Line breaks are also white space characters. Note
that although 
 and 
 are defined in [ISO10646] to
unambiguously separate lines and paragraphs, respectively, these do not
constitute line breaks in HTML, nor does this specification include them in the
more general category of white space characters.

This specification does not indicate the behavior, rendering or otherwise,
of space characters other than those explicitly identified here as white space
characters. For this reason, authors should use appropriate elements and styles
to achieve visual formatting effects that involve white space, rather than
space characters.

For all HTML elements except
PRE, sequences of white space separate “words”
(we use the term “word” here to mean “sequences of non-white space
characters”). When formatting text, user agents should identify these words and
lay them out according to the conventions of the particular written language
(script) and target medium.

This layout may involve putting space between words (called
inter-word space), but conventions for inter-word space vary
from script to script. For example, in Latin scripts, inter-word space is
typically rendered as an ASCII space ( ), while in Thai it is a
zero-width word separator (​). In Japanese and Chinese, inter-word
space is not typically rendered at all.

Note that a sequence of white spaces between words in the source document
may result in an entirely different rendered inter-word spacing (except in the
case of the
PRE element). In particular, user agents should
collapse input white space sequences when producing output
inter-word space. This can and should be done even in the absence of language
information (from the lang attribute, the HTTP “Content-Language” header field (see [RFC2616], section
14.12), user agent settings, etc.).

The
PRE element is used for preformatted
text, where white space is significant.

In order to avoid problems with SGML line break rules and
inconsistencies among extant implementations, authors should not rely on user
agents to render white space immediately after a start tag or immediately
before an end tag. Thus, authors, and in particular authoring tools,
should write:

  <P>We offer free <A>technical support</A> for subscribers.</P>

and not:

  <P>We offer free<A> technical support </A>for subscribers.</P>

9.2 Structured text

9.2.1 Phrase elements: EM,
STRONG, DFN, CODE, SAMP,
KBD, VAR, CITE, ABBR, and
ACRONYM

Start tag: required, End tag:
required

Phrase elements add structural information to text fragments. The usual
meanings of phrase elements are following:

EM:
Indicates emphasis.
STRONG:
Indicates stronger emphasis.
CITE:
Contains a citation or a reference to other sources.
DFN:
Indicates that this is the defining instance of the enclosed term.
CODE:
Designates a fragment of computer code.
SAMP:
Designates sample output from programs, scripts, etc.
KBD:
Indicates text to be entered by the user.
VAR:
Indicates an instance of a variable or program argument.
ABBR:
Indicates an abbreviated form (e.g., WWW, HTTP, URI, Mass., etc.).
ACRONYM:
Indicates an acronym (e.g., WAC, radar, etc.).

EM
and
STRONG are used to indicate emphasis.
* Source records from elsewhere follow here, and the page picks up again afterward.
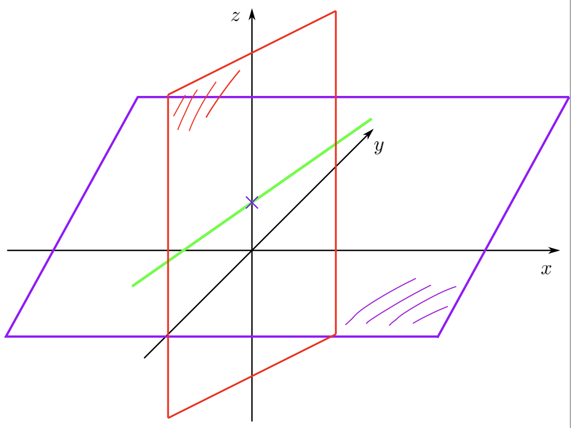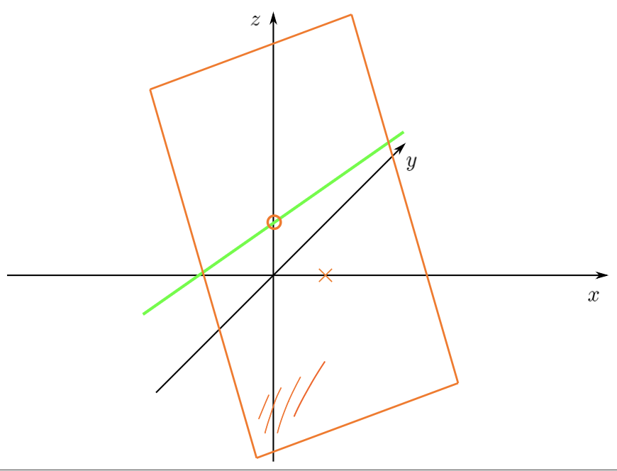 Nun nimmt man die Gerade an der sich die 2 Ebenen schneiden und zeichnet die 2. Ebene ein um den genauen Schnittpunkt zu erkennen
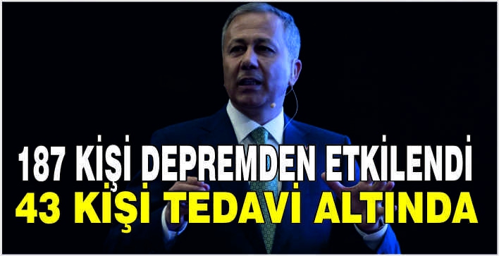 Sağlık Bakanlığından alınan bilgiye göre toplam 187 kişinin depremden etkilendiğini bildiren Yerlikaya, 43 kişinin gözetim altında tutulduğunu, diğerlerinin ayaktan tedaviyle taburcu edildiklerini söyledi.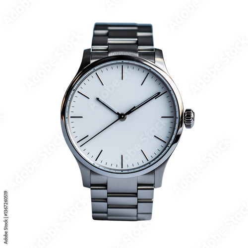 Elegant Silver Dress Watch with White Face Isolated on Transparent Background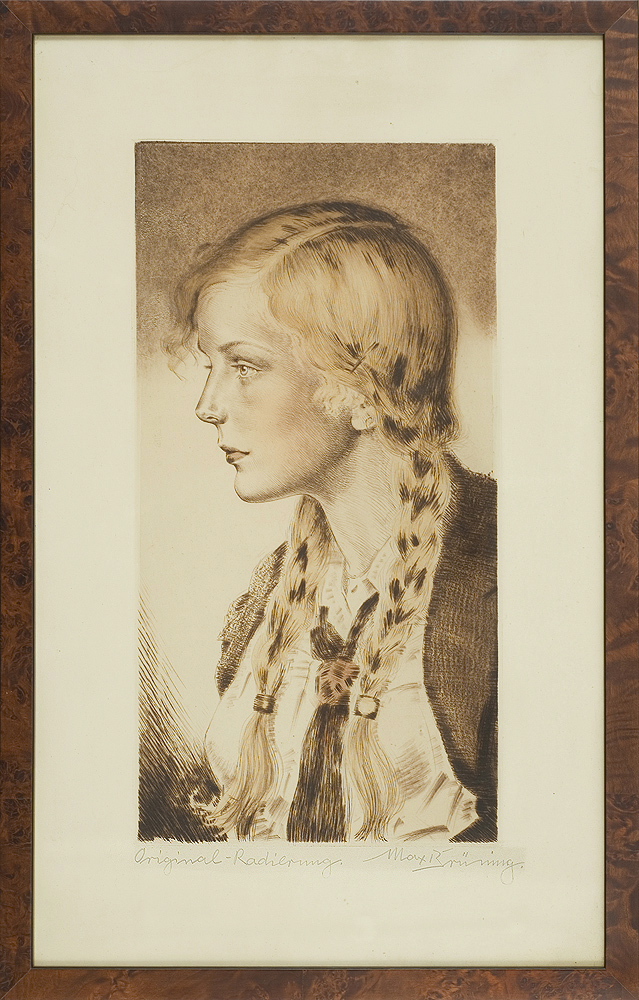 Max Brüning (Delitzsch w Saksonii 1887 – Lindau nad Jeziorem Bodeńskim 1968) – niemiecki malarz, grafik, rytownik; od 1902 uczył się w Akademie für graphische Künste und Buchgewerbe w Lipsku, gdzie od 1907 był uczniem wiedeńskiego prof. Aloisa Kolba i rytownika Petera Palma. W 1912 wyjechał w dłuższą podróż studyjną po południowej i południowo wschodniej Europie oraz Turcji. Następnie kształcił się jeszcze u Franza vov Stucka w Akademii Sztuk Pięknych w Monachium. Od 1915 służył w armii bawarskiej jako wojenny korespondent i malarz-dokumentalista. W Cambrai w północnej Francji portretował żołnierzy - jeńców brytyjskich tworząc liczne rysunki i grafiki (Cytadela w Cambrai). Portretował wówczas także księcia Wilhelma von Preusen, któremu udzielał lekcji rysunku. W pierwszych latach po wojnie przebywał w Lipsku, skąd w 1923 przeniósł się do Berlina. W 1935 ożenił się z malarką Victorią Richter, w 1938 oboje zamieszkali w Igls koło Innsbrucka. Wydalony z Austrii jako obywatel niemiecki w 1945 przeniósł się do Lindau nad Jeziorem Bodeńskim. Swoje prace wystawiał od 1910, min. w Lipsku, Monachium czy Chemitz. Malował olejno, pastelem, był autorem licznych grafik, często kolorowanych akwarelą. Obok portretów eleganckich dam i osób ze świata polityki, filmu, sportu i sztuki malował też martwe natury, obrazy o tematyce orientalnej (Budda, Portret 13. Dalajlamy) a w późniejszym okresie krajobrazy alpejskie i – będące plonem ówczesnych podróży – pejzaże hiszpańskie. Był również autorem żartobliwych rysunków erotycznych. Jego twórczość określana jest jako sztuka salonowa połączona z nurtem tzw. nowej rzeczowości (Neue Sachlichkeit) a w późnym okresie także z postimpresjonizmem. Prace artysty przechowywane są, m.in. w zbiorach muzeów Lipska, Monachium, Lindau czy Chemitz. Zobacz także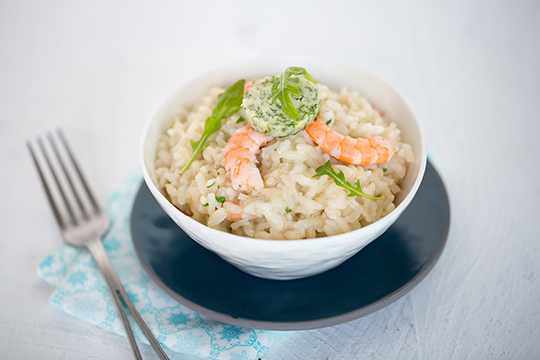 Servir le risotto dans des assiettes chaudes avec le reste des crevettes et des rondelles de beurre comté-roquette.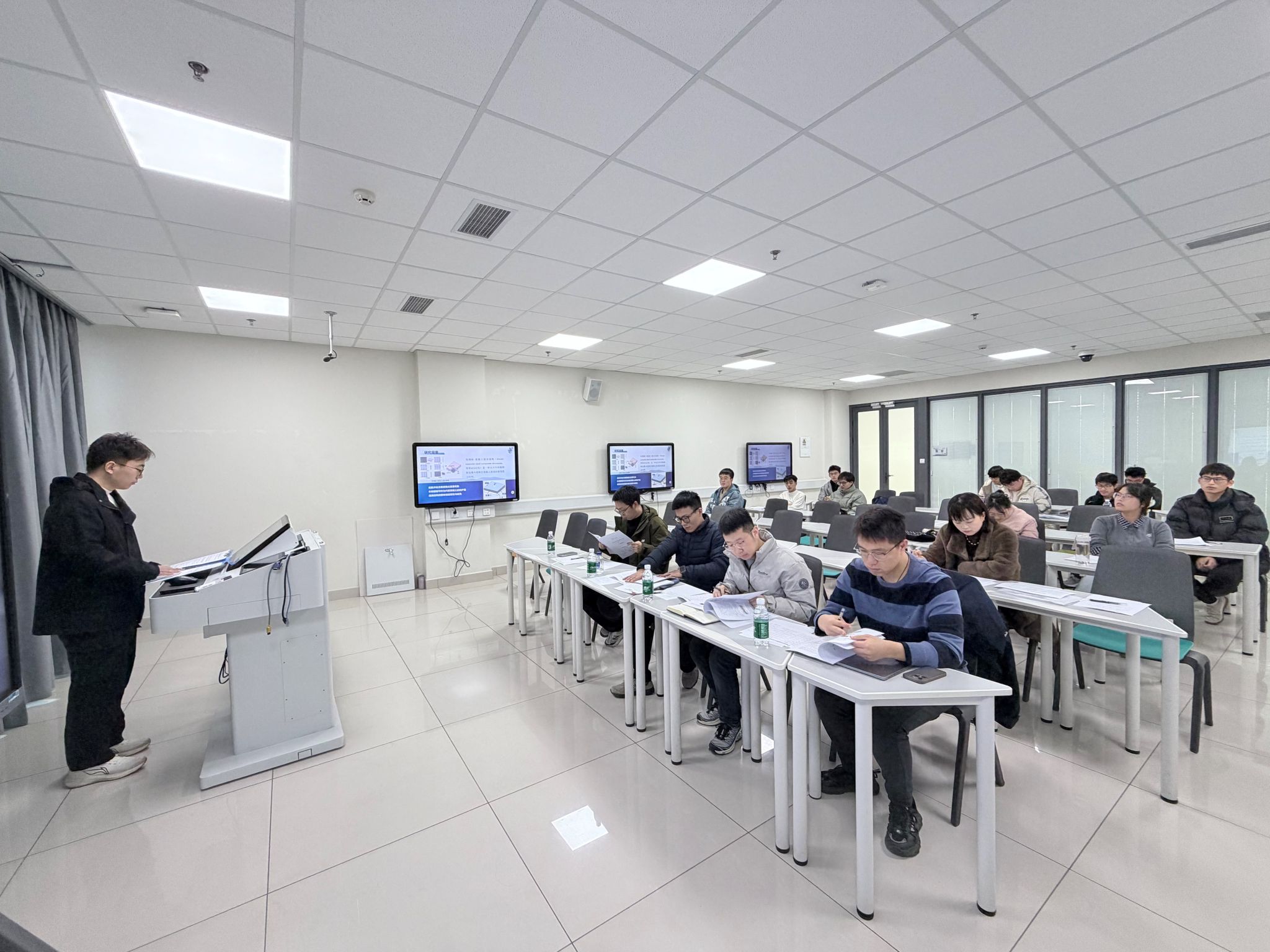 被抽查的16名同学依次上台,从研究背景、工作内容、技术路线、工作计划和已完成的工作情况等方面进行了详细阐述。评委老师们认真听取了每位同学的汇报,针对选题的科学性、研究方案的合理性、研究方法的适用性等关键问题进行了细致提问,并结合自身专业经验给出了极具建设性的指导意见。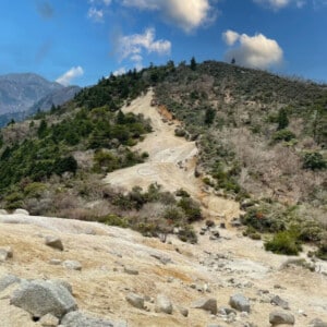 下りは、基本的には「裏道コース」で下山しますが、希望者はロープウエイでの下山も可とします。その場合、ロープウエイ山頂駅での解散とし、自己責任において駐車場まで移動となります。また、登頂時間の遅れにより全員ロープウエイで下山する場合もありますのでご了承ください。
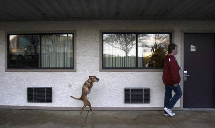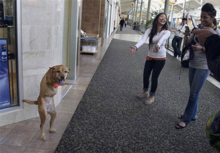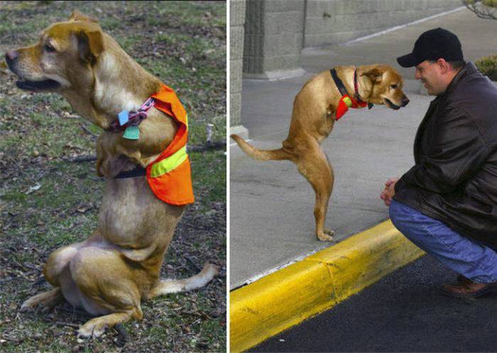 Impresionante lo de este animal, por cierto Andresín, son las patas delanteras las que le faltan, lo digo porque me parece que tuviste un lapsus en el título. Qué gracia la foto que va caminado detrás del señor y la que está olfateando a un pariente de Keko, pobrecito mío…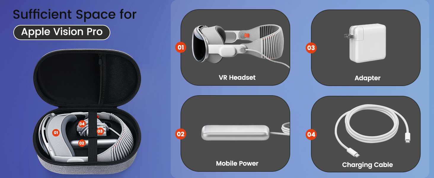 【سعة كبيرة ومقبض محمول】- تأتي حقيبة الحمل الصلبة لجهاز Vision Pro مع جيب شبكي بسحاب لكابل الشحن والإكسسوارات الصغيرة الأخرى. يتيح لك حمل Vision Pro وجميع الملحقات معك أثناء التنقل أو يومًا بعد يوم أو أثناء السفر! تتميز حقيبة الحمل Vision Pro بمقبض قوي لسهولة الحمل والاستخدام المريح أثناء السفر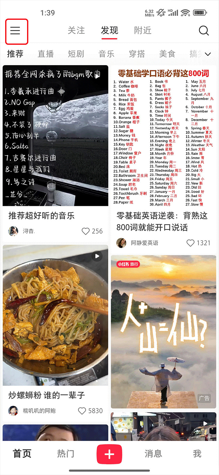 进入软件后点击右上角的三横线标志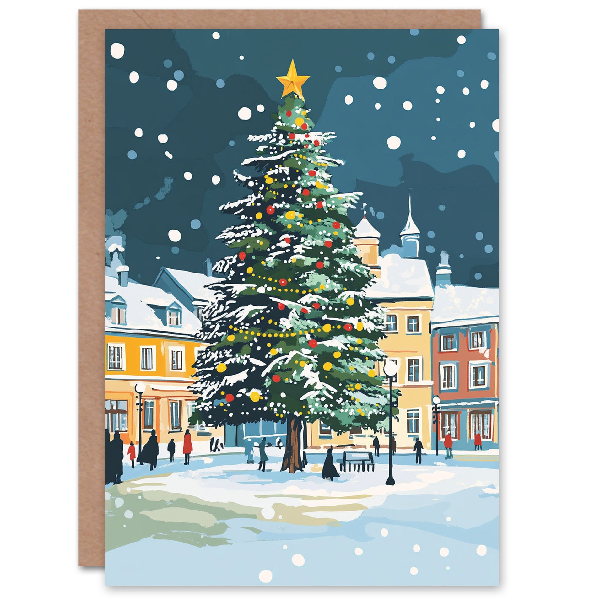 Decorated Tree Town Square Winter Snow Fun Festive Christmas Card

The other phrase elements have
particular significance in technical documents. These examples illustrate some
of the phrase elements:

As <CITE>Harry S. Truman</CITE> said,
<Q lang="en-us">The buck stops here.</Q>

More information can be found in <CITE>[ISO-0000]</CITE>.

Please refer to the following reference number in future
correspondence: <STRONG>1-234-55</STRONG>

The presentation of phrase elements depends on the user agent. Generally,
visual user agents present EM text in italics and STRONG text in bold font. Speech
synthesizer user agents may change the synthesis parameters, such as volume,
pitch and rate accordingly.

The
ABBR and ACRONYM elements allow authors to clearly indicate
occurrences of abbreviations and acronyms.
Western languages make extensive use of acronyms such as “GmbH”, “NATO”, and
“F.B.I.”, as well as abbreviations like “M.”, “Inc.”, “et al.”, “etc.”. Both
Chinese and Japanese use analogous abbreviation mechanisms, wherein a long name
is referred to subsequently with a subset of the Han characters from the
original occurrence. Marking up these constructs provides useful information to
user agents and tools such as spell checkers, speech synthesizers, translation
systems and search-engine indexers.

The content of the ABBR and
ACRONYM elements specifies the abbreviated
expression itself, as it would normally appear in running text. The title
attribute of these elements may be used to provide the full or expanded form of
the expression.

Here are some sample uses of
ABBR:

  <P>
  <ABBR title="World Wide Web">WWW</ABBR>
  <ABBR lang="fr" 
        title="Soci&eacute;t&eacute; Nationale des Chemins de Fer">
     SNCF
  </ABBR>
  <ABBR lang="es" title="Do&ntilde;a">Do&ntilde;a</ABBR>
  <ABBR title="Abbreviation">abbr.</ABBR>

Note that abbreviations and acronyms often have idiosyncratic
pronunciations. For example, while “IRS” and “BBC” are typically pronounced
letter by letter, “NATO” and “UNESCO” are pronounced phonetically. Still other
abbreviated forms (e.g., “URI” and “SQL”) are spelled out by some people and
pronounced as words by other people. When necessary, authors should use style
sheets to specify the pronunciation of an abbreviated form.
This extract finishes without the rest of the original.